Back in DC, the White House hopes to draw a trump card when Fed chief Greenspan appears before the Senate Banking Committee at 10:00 am and -- they hope -- utters a few words of support for private accounts.

Coincidentally, NBC and the Wall Street Journal release our latest poll later today, the first since before Bush's inauguration, which tests public attitudes toward his Social Security proposals just about every which way.  Has Bush's use of the bully pulpit and his campaign-style road show moved the public in his favor?  The poll will be released on NBC Nightly News tonight at 6:30 pm, in tomorrow's Journal and tonight at www.politics.msnbc.com.

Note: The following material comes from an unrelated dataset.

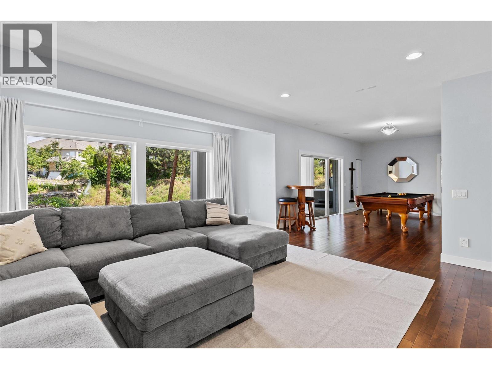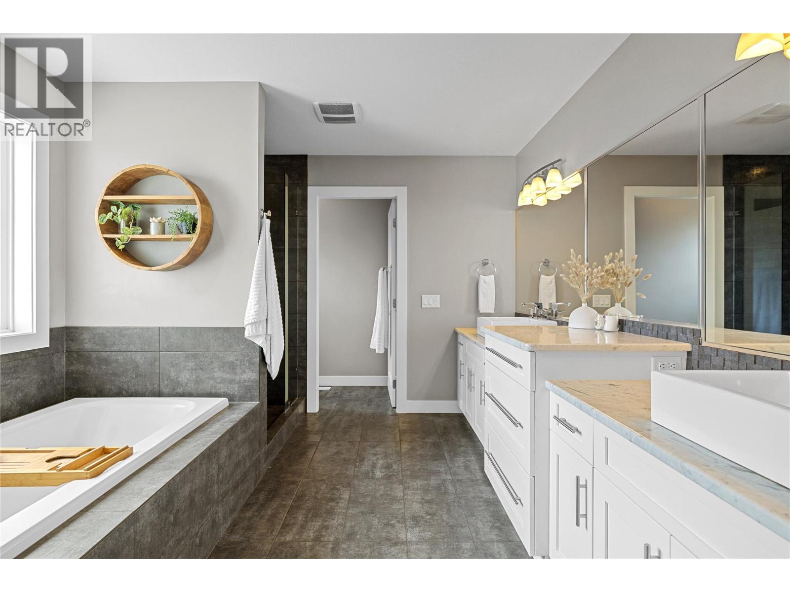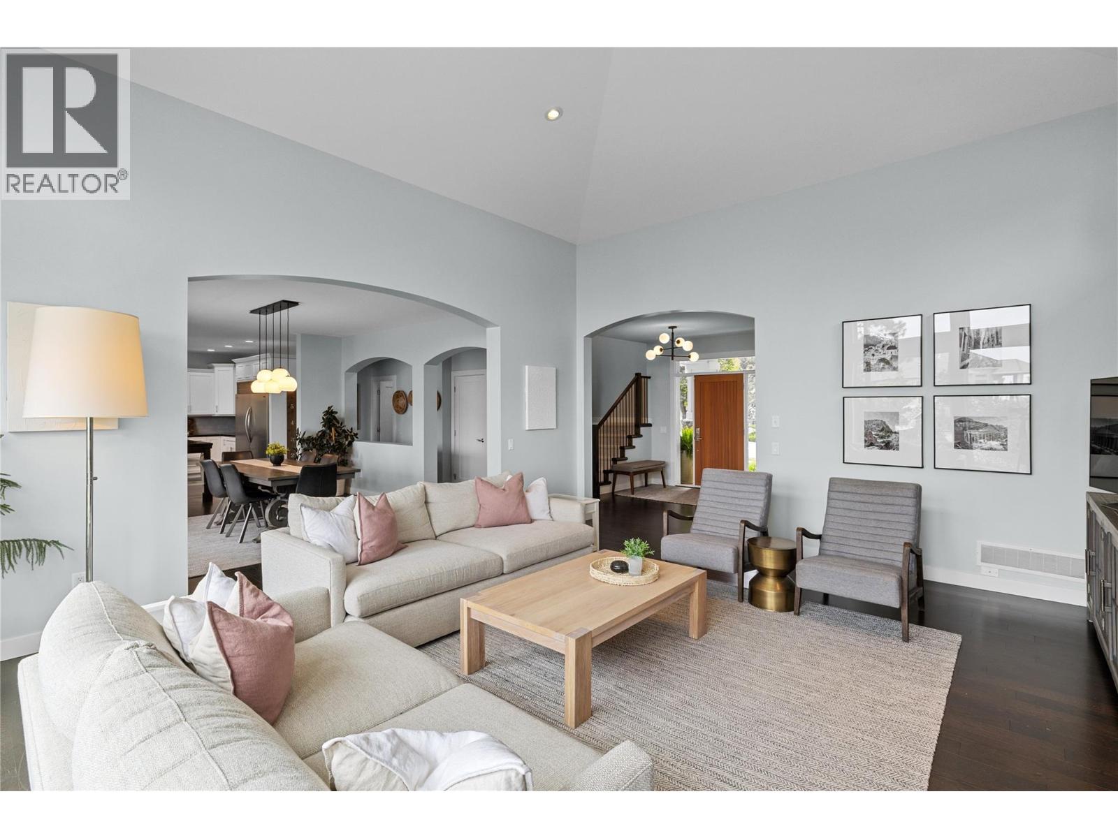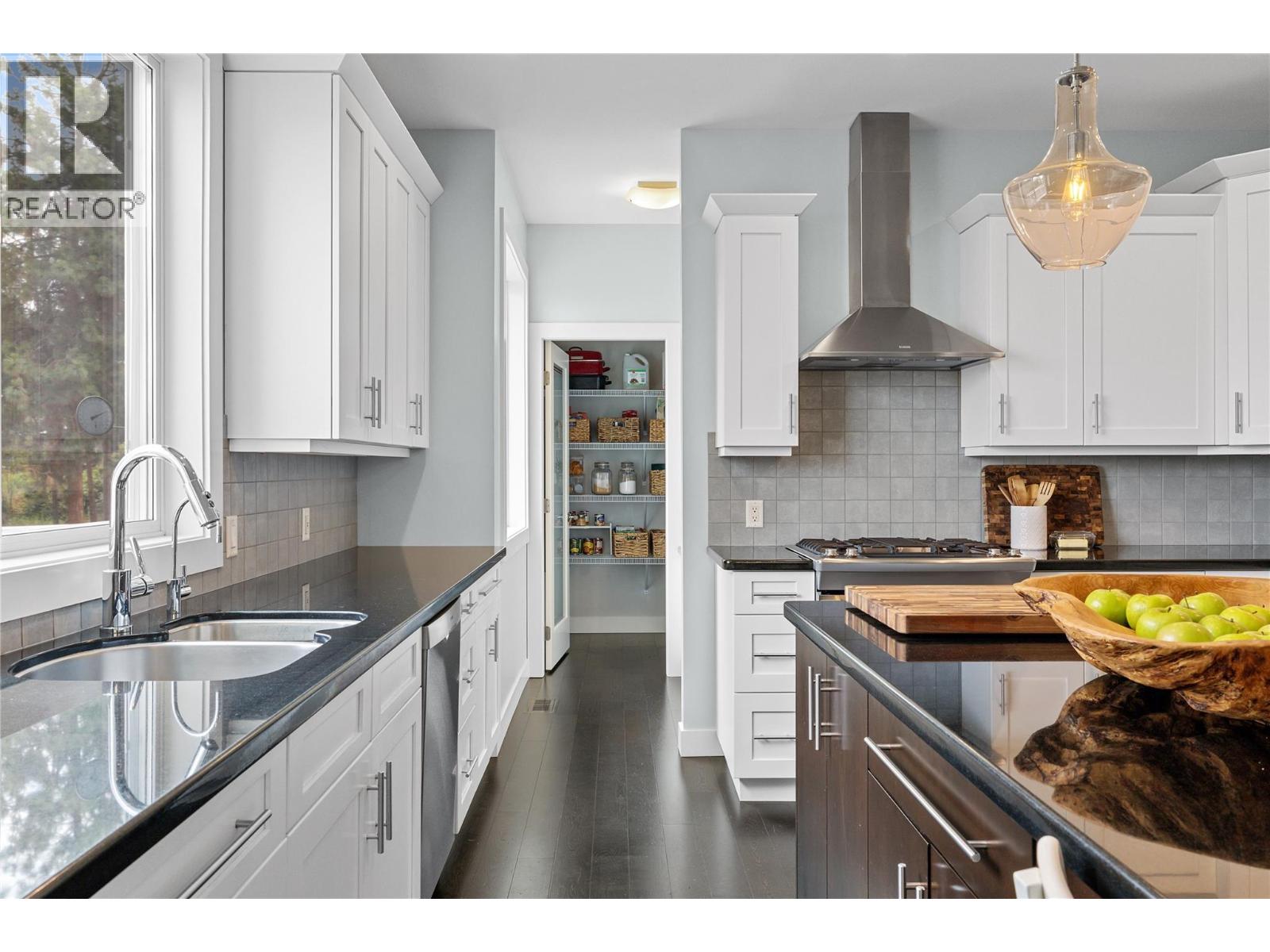 Nestled in the coveted Kettle Valley community, this elegant 4-bedroom + den, 4-bathroom home blends timeless design with breathtaking lake views and thoughtful functionality. Rich engineered hardwood floors lead you through a light-filled interior, where a stunning white designer kitchen awaits—complete with walk-in pantry, serving station, oversized fridge / freezer, gas range, and sleek stainless steel appliances. The open-concept great room is perfect for entertaining, seamlessly extending to a spacious deck ideal for sunset views and outdoor living. A striking double-sided fireplace warms both the serene primary suite and its spa-inspired ensuite featuring marble double vanities, a walk-in shower, and a deep soaker tub. Additional features include multiple walk-in closets, a dedicated gym area, central vacuum, water filtration system, hot water on demand, and a covered hot tub for year-round relaxation. The expansive, lakeview backyard offers endless potential for your outdoor vision, while the oversized double garage easily accommodates all your gear. Located on a quiet street, in a family-friendly neighbourhood near parks, trails and walk-able to top-rated schools, this home offers the perfect balance of luxury, lifestyle, and location. There is nothing for you to do in this incredible home. Simply move in and ENJOY KELOWNA LIFE! (id:21321)

And the barely advanced first meeting of Bush's tax reform commission today might prompt both sides to start asking, as Bush's personal push on Social Security goes, so goes his push for tax reform?  Though his plans on that front face a friendlier GOP reception on the Hill. 

The Kyoto Protocol also goes into effect today, and presumably Al Gore's press conference call gets almost no mention today because everyone's waiting for his actual speech in Los Angeles at 10:00 pm tonight.

Bush's priorities
The Wall Street Journal writes that despite seemingly staunch opposition from Democrats on the Hill, "in fact there are some Democrats who may yet help Mr. Bush accomplish parts of his agenda...  White House lobbyists estimate that as many as a third of the 44 Democratic senators will provide occasional assistance on issues such as energy, judicial nominations, tax-code overhaul and perhaps even Social Security.  Since Republicans need 60 votes to overcome Democratic filibusters, and have just 55 of their own, winning converts isn't optional."

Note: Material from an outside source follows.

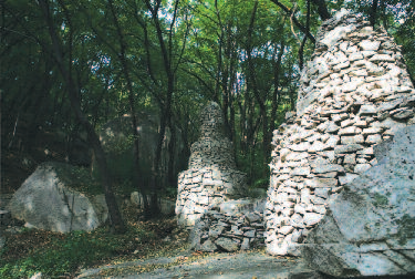 바위가 싫은 사람은 그대로 소나무 옆을 지나면 앞이 훤히 트이면서 오른쪽에 남향의 아늑한 묘지가 있고 앞에는 억새가 무성한 초원지대 저쪽에 성벽도 보인다. 묘지 앞을 지나면 곧 세 갈래길인데 오른쪽(서)으로 돌아 숲속을 5분정도 걸으면 제3망루와 제4망루사이의 성벽에 올라선다.
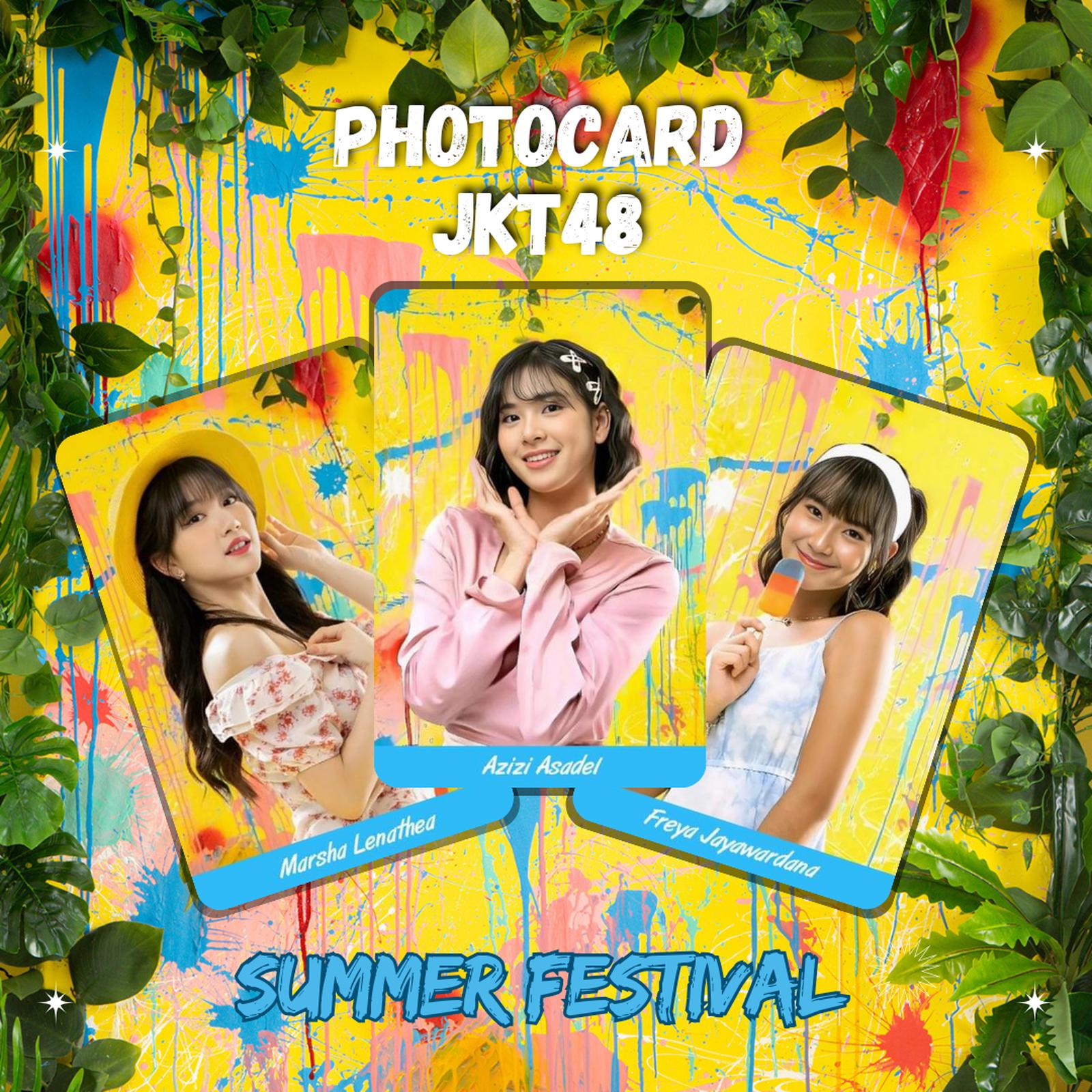 Dapatkan koleksi photocard JKT48 New Era Summer Festival dengan kualitas terbaik. Setiap photocard dicetak menggunakan Art Paper 310 gsm dan dilaminasi glossy pada kedua sisinya, memberikan hasil yang tajam dan tahan lama. Ukurannya yang pas, 5.5×8.5 cm, sempurna untuk koleksi atau dekorasi.

"Some are good prospects for the White House because of their ideological orientation" (i.e., Lieberman).  "Others are propelled toward cooperation by constituent interests" (i.e., Landrieu and Byrd on energy).  "Perhaps most important for the White House are those Democrats who must cope with broad home-state support for Mr. Bush" (i.e., Nelson of Nebraska, Conrad and Dorgan of North Dakota, Johnson of South Dakota, and Bayh of Indiana). 

The President's tax-reform advisory panel has its first meeting today, and the Los Angeles Times focuses on two Bush proposals, the retirement savings account and the lifetime savings account, pointing out that "the White House says these accounts would raise revenue over five years," but also that "the windfall wouldn't last.  After the first five years, the accounts would develop into major drains on the Treasury - reducing future tax collections by an estimated $1 trillion over 75 years."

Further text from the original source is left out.